**Records for the task:**

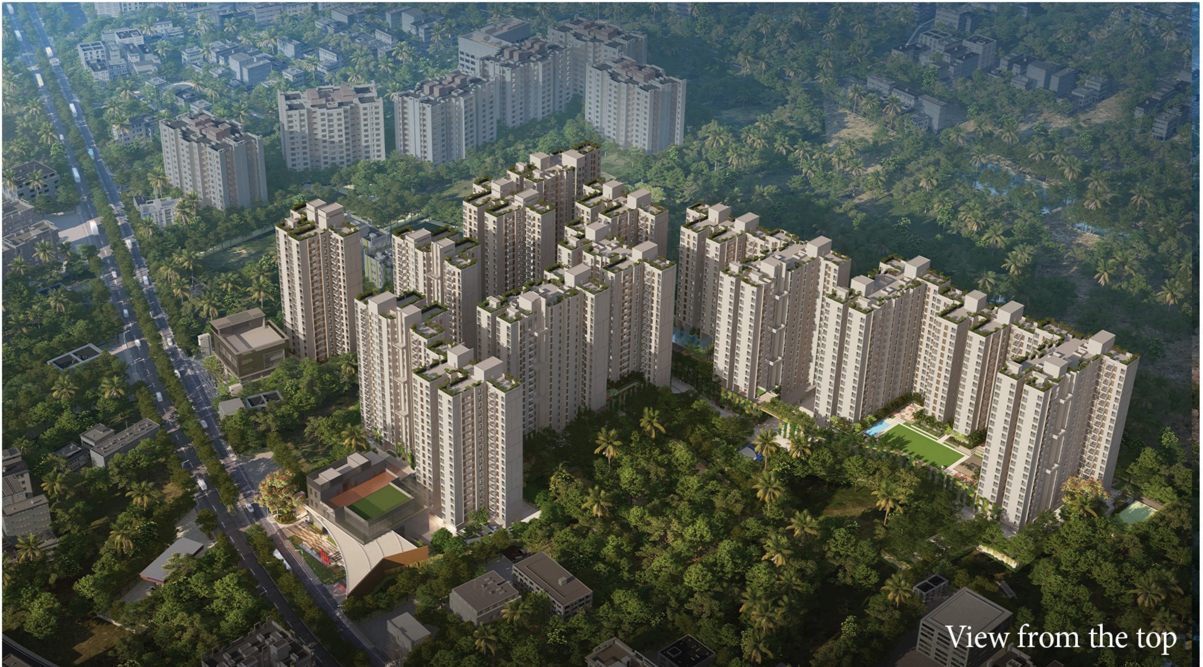
View from the top
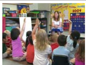
Ontario will phase in full-day kindergarten, which is for four- and five-year-old children, across the province.
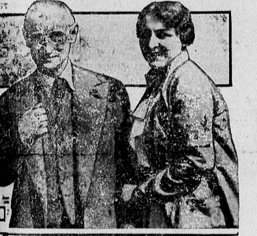
Lord Reading during their honeymoon on the Continent following their recent marriage in London. Lord Reading was former Secretary of India. Lord Reading is secretary of state for foreign affairs in the new British tri-party government.

Wool "frogs," not unlike the ones that used to be used on pajamas, appeared down the front of one coat suit. With this as with many other suits prominently featuring buttons and fastenings, there were only two or three of the buttons fastened while the rest remained more or less as trimming.
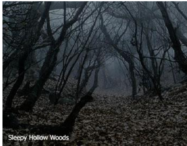
Sleepy Hollow Woods

Is it purely a coincident that so many mystical beings have gathered in this Californian town? Or is there some sort of
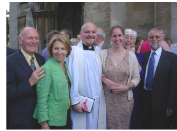
Outside St Albans cathedral
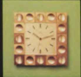
368/6002 quartz 28 x 28 cm AL-el/PSG**)
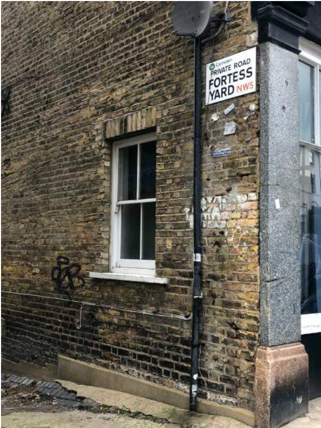
1 - 63 Fortress Road Ground Floor Plan side window
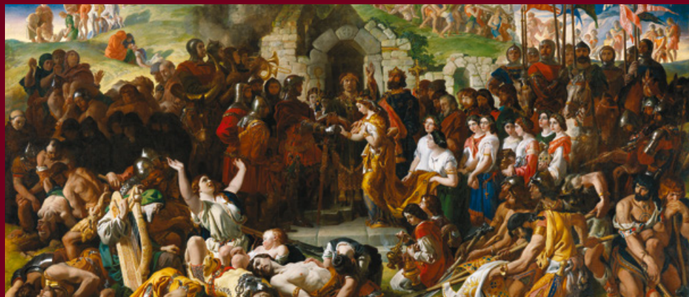
Daniel Maclise (1806- 1870) The Marriage of Strongbow and Aoife (1854), (detail).

3 nights — Tuesday 24 - Friday 27 September
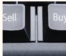
Bio Jet Fuel Trading
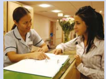
Members of the Gynaecology Team
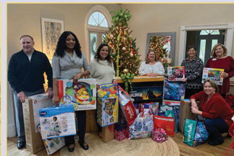
Better Homes and Gardens Real Estate Main Street Properties
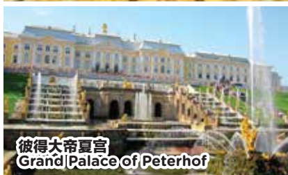
彼得大帝夏宫 Grand Palace of Peterhof
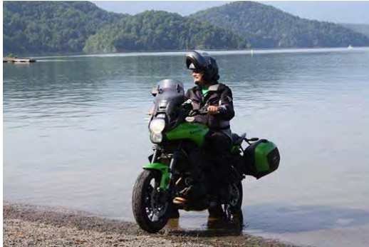
Cooling the tires after a hot ride!

Today we drove to South Lake Holston, Cherokee National Forest and the "Snake", a legendary road with a length of 33 miles (53 km) and 489 curves.
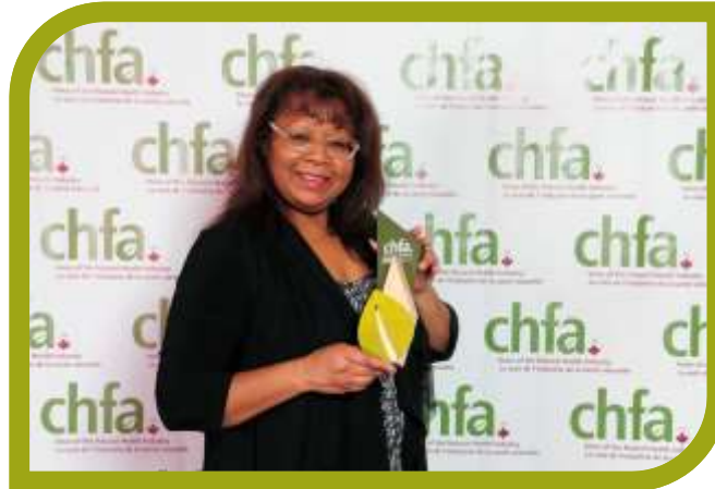
People's Choice – BioK+
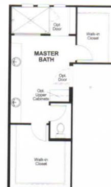
OPT. MASTER BATH WALK-IN SHOWER

What's a HERS® Index? HERS stands for Home Energy Rating System, a system created by RESNET® to measure home energy efficiency. ^
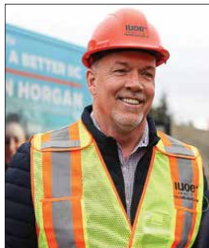
BC Premier John Horgan will be pressed by the Local for changes to the Labour Code.
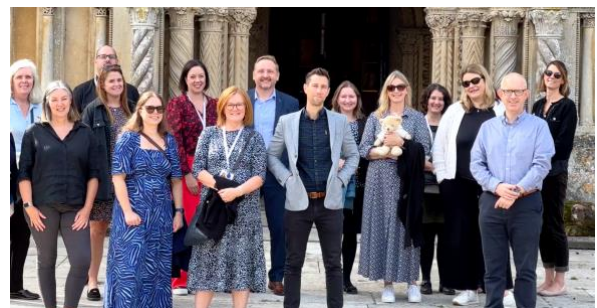
DSAT SERVICES TEAM
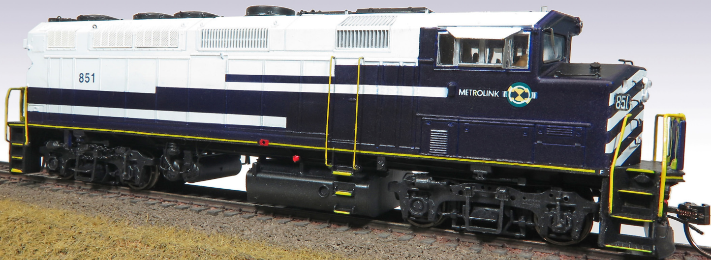
Pre-Production, Hand-painted Sample
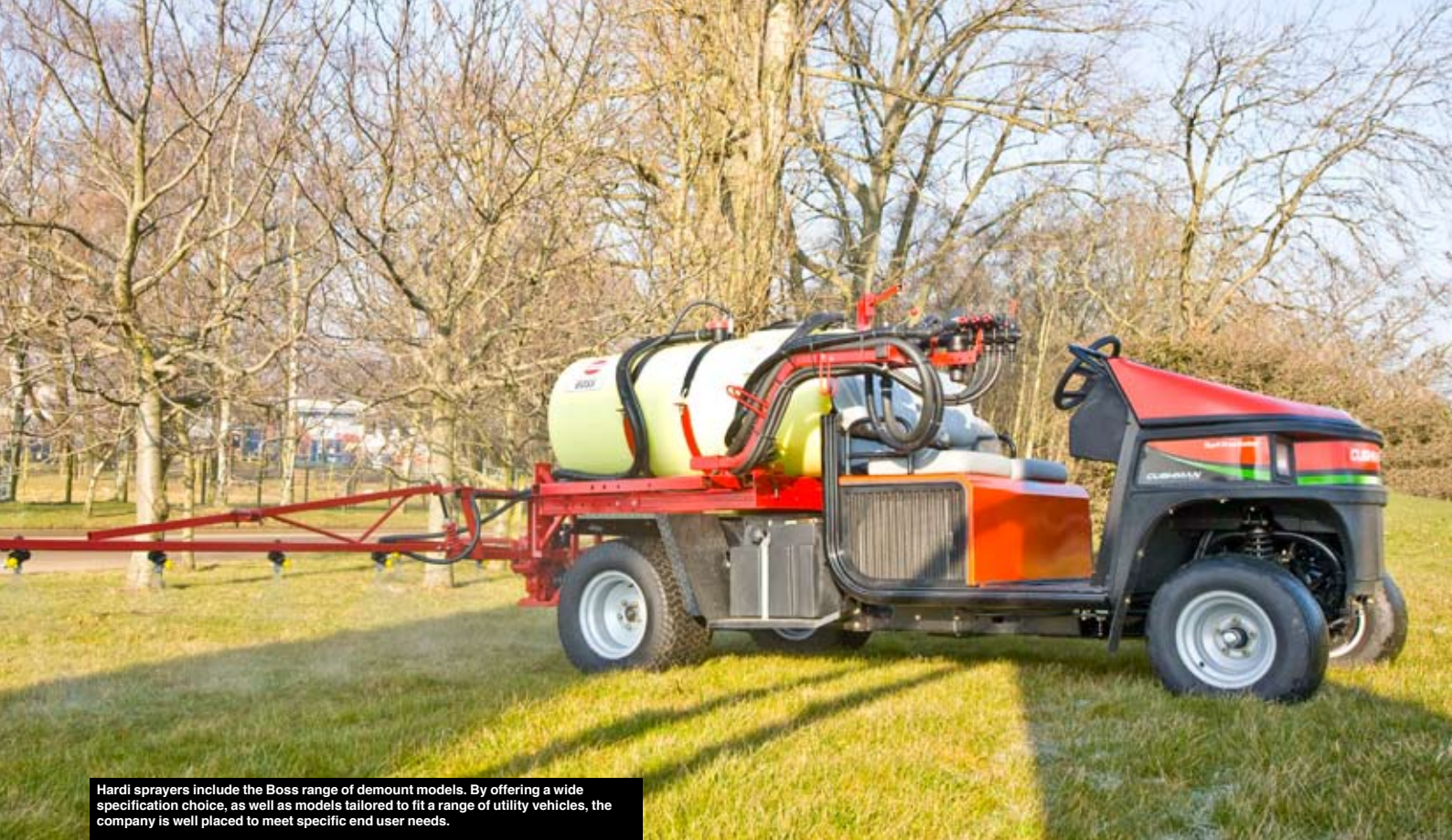
Hardi sprayers include the Boss range of demount models. By offering a wide specification choice, as well as models tailored to fit a range of utility vehicles, the company is well placed to meet specific end user needs.
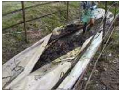
Photo 82. Cutting the plastic to take out the contents
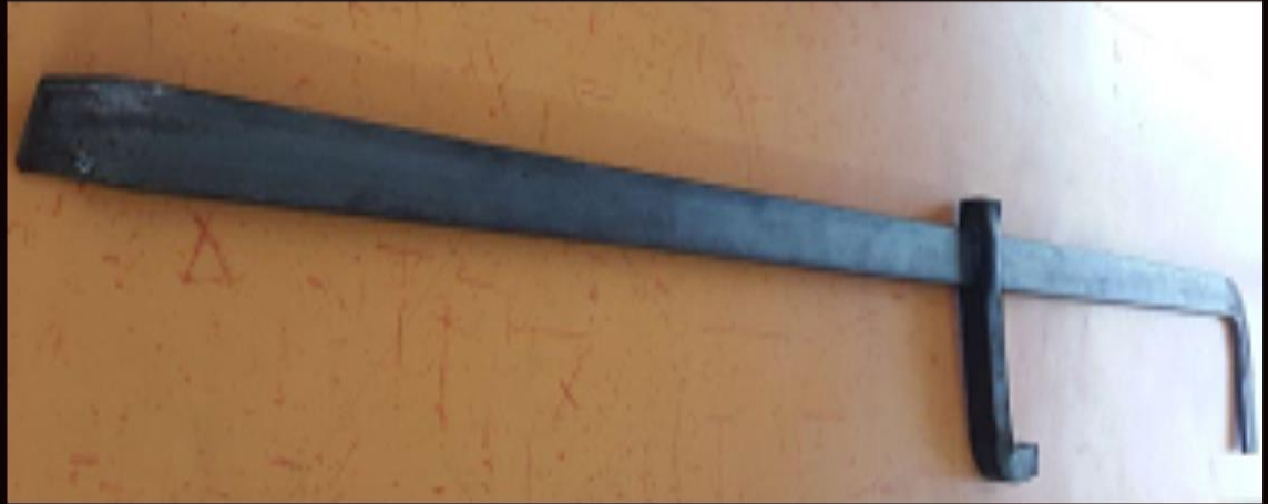
SHUTTERING CLAMP ( SICKANJ)
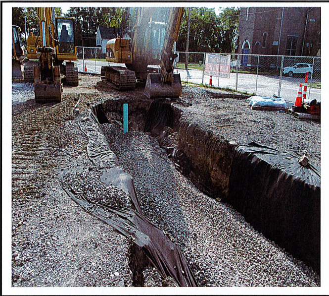
Infiltration Basin under construction.
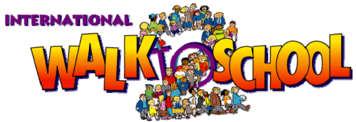
American Walk to School logo

**Task brief:** Go through the material above and report each line containing "that".

**Solution:**
Wool "frogs," not unlike the ones that used to be used on pajamas, appeared down the front of one coat suit. With this as with many other suits prominently featuring buttons and fastenings, there were only two or three of the buttons fastened while the rest remained more or less as trimming.
Is it purely a coincident that so many mystical beings have gathered in this Californian town? Or is there some sort of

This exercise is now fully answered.